That said, I also learned the hard way about burnout. At one point, I was teaching so many classes, so intensely, that I started losing the joy that dancing had originally brought me. Now, part of my journey is finding a new way to weave dance, movement, and storytelling into my life — in a way that feels sustainable, expansive, and true.
I think what sets me apart is that I’m not interested in selling a polished version of healing or growth. I come from a background where survival was necessary, and success was defined by outward milestones — but what I’m passionate about now is honoring the full human experience: the triumphs, the grief, the doubt, the curiosity, the joy.
Whether it’s through podcasting, dancing, or future creative projects, my goal is to create spaces where people feel seen — especially the ones still figuring it out, still piecing themselves back together.

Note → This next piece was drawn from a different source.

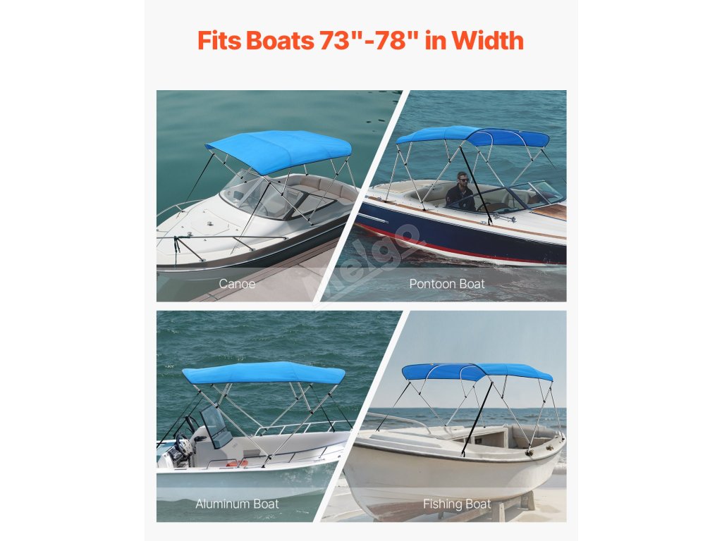 Díky 1" silným nosným tyčím z hliníkové slitiny a odolné základně z PP je tato střecha bimini bezpečně připevněna k vaší lodi. Materiály odolné proti korozi zajišťují, že nebude rezavět v důsledku působení mořské vody nebo deště.

Because honestly? That’s where the real magic happens.
What are your plans for the future?
Right now, I’m working on writing a script inspired by my life — something that weaves together a lot of the themes I’ve been living and exploring: addiction, recovery, identity, grief, humor, and hope.
I’ve been really inspired by shows like Insecure by Issa Rae and Sideswiped by Carly Craig — stories that manage to be raw, relatable, hilarious, and deeply human all at once. I’d love to create something in that spirit — something that captures both the chaos and the heart of trying to rebuild yourself from the inside out.
My dream is to not just write it, but to help produce it and act in it as well — to create the kind of layered, messy, authentic stories that I think we need more of in the world. Stories that show the in-between spaces, the gray areas, the moments where people are still trying to figure themselves out — because that’s real life.
I’m also continuing to explore how dance, movement, and storytelling can be part of my creative life in a way that feels sustainable and joyful. I don’t want to box myself into one lane — whether it’s podcasting, acting, dancing, writing — it all feels connected by the same thread: expression, healing, and connection.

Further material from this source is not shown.